Creating stateless objects in Java

Is there any way in Java to avoid instantiating a stateless object? There is no real difference between a static function and a stateless object:

class CompareInts {
  Integer compare(Integer a, Integer b) {
    return a.compareTo(b);
  }

static Integer compare(Integer a, Integer b) {
  return a.compareTo(b);
}

      

The functionality of these two alternatives does the same, and in general, each stateless class can be converted to a static function. There are two main differences:

  • Instantiating a static class takes both time and memory where they are not needed. You really need to keep the code you don't need to allocate an object on the heap and a pointer to the vtable.
  • static functions are very limited in Java. They cannot be used with Generics, static comparisons can never be used by the class that needs to be compared.
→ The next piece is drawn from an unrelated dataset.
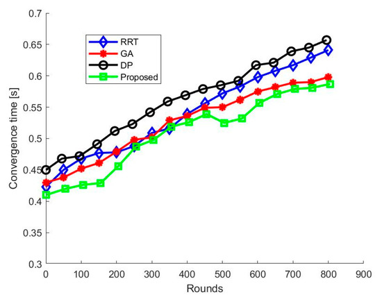 We used the optimized ABC algorithm for the local path plan because of its fast convergence capacity. We evaluated the convergence time of the ABC algorithm and compared it with other widely used path planning algorithms (i.e., RRT, GA, and DP) in Figure 11. We used the same network configuration for all the algorithms used in the comparison. Based on the obtained results, it is apparent that the convergence time of HPP is the shortest for almost all the rounds. In our proposed HPP algorithm, the classical ABC algorithm is modified by optimizing various constraints. As a result, the proposed algorithm offers a faster convergence speed than the other three popular algorithms.
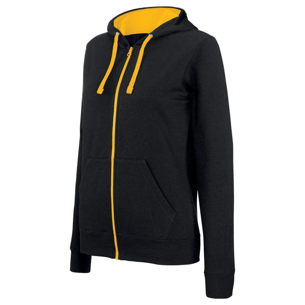 Zamknięty koszula z kapuściem w kontrastowym kolorze dla kobiet, wykonana z 80% bawełny pełniowej i 20% poliestru. Charakteryzuje się konstrukcją z grubego, miękkiego płótna dla zwiększonego komfortu. Model posiada kieszeń kangura oraz przejście dla słuchawek w obszarze karku. Obrzeża rękawów i dołu ubrania z elastycznym kołnierzem zapewniają optymalne dopasowanie. Kapuśnica jest podwójnie wyłożona i kontrastowa, z sznurówką do regulacji. Zamykany zamek YKK® w kontrastowym kolorze dodaje estetyki. Ta koszula zapewnia codzienny komfort i swobodę ruchu.

Therefore, a static function is better in theory because it provides all the stateless functionality of a class, but without the runtime and memory overhead. A static function is much less efficient in Java because it cannot be called through a generic type. Is there a way to benefit from both worlds?

Edit

I want to write a generic class like this:

class Array<Type, Comparator> {
  Type[] elements;
  // array stuff

  Type getMax() {
    Type maxElement = Type.getSmallestLegalValue();
    for (Type element : elements) {
      maxElement = Comparator.compare(maxElement, element) > 0 ? maxElement : element;
    }
    return maxElement;
  }
}

      

I cannot write this. I have to accept the Comparator

in constructor Array

and create an interface Comparator

that implements CompareInts

.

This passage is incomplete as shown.